Claudia Cattaneo had a very interesting piece in the Financial Post on increased transparency in the dealings between aboriginal communities and developers of natural resources. Steps are already being taken by the federal government to increase transparency in payments received by different levels of government at the international level. Cattaneo notes that Ottawa is looking to extend this transparency further to force annual disclosure of payments worth $100,000 or more including those made by oil and gas and mining companies to aboriginal communities, domestically and abroad. She notes that

“greater transparency would promote better practices, increased accountability, set ground rules and inform the public debate around the impacts of resource extraction on Canada’s aboriginal people.”

The mining industry, represented by the Resource Revenue Transparency Working group, is in favour of mandatory disclosure but did not include payments to aboriginal governments in their recently released recommendations.

“Secret payments and lack of clarity around who benefits from resource extraction breeds mistrust between communities, governments and companies, generating unstable business environments, threatening the security of supply, and even, in extreme cases, contributing to violent conflict,” the group said.

However Cattaneo notes that the move to greater disclosure is drawing push-back from the oil industry with the Canadian Association of Petroleum Producers supporting requirements of payments to foreign governments but not to sub-federal entities such as aboriginal communities. The oil and gas sector is noted to have more focus on domestic projects that the mining sector, which works mostly internationally, and the additional reporting requirements could put it at a disadvantage relative to US competitors.

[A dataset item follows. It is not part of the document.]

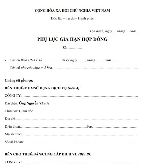 Mẫu gia hạn hợp đồng Phụ lục gia hạn hợp đồng
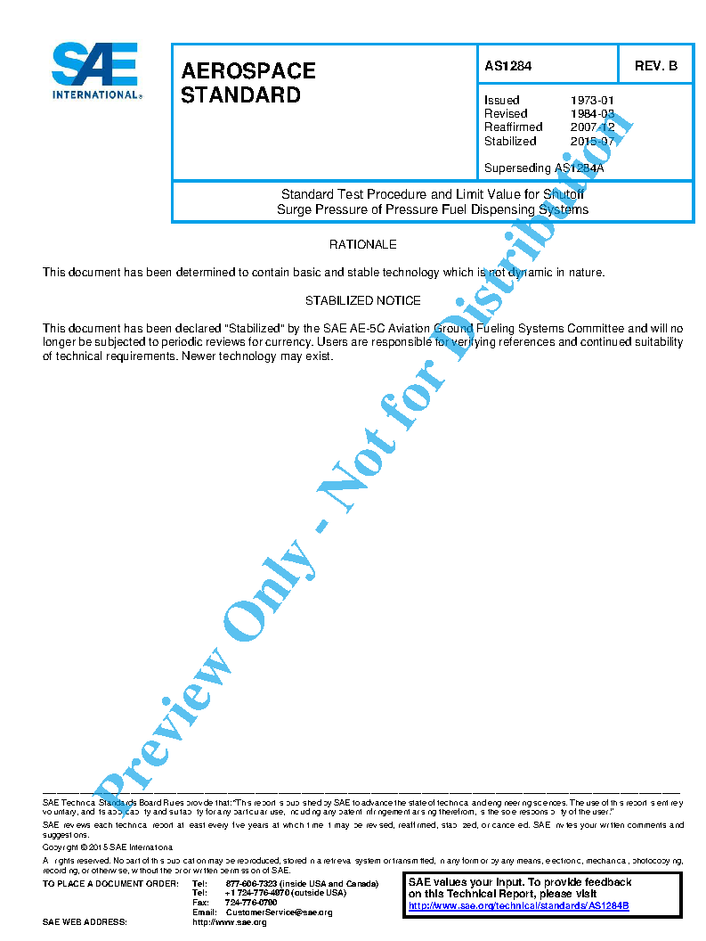 Standard Test Procedure and Limit Value for Shutoff Surge Pressure of Pressure Fuel Dispensing Systems (Stabilized: Jul 2015)

Pushback was also noted by aboriginal communities themselves. Some policy considerations discussed were the potential of such disclosure to change the narrative around First Nations and resource extraction, the appropriateness of how resources are developed, and whether communities receiving benefits from the extractive sector should continue to enjoy other types of grants.

Bill Gallagher, a lawyer, author and aboriginal expert, said the federal government has no business demanding transparency on commercial deals between two private parties, particularly since one of the reasons these deals are taking place is because of the government’s own failures to fulfill its legal obligations, such as its duty to consult and its duty to accommodate.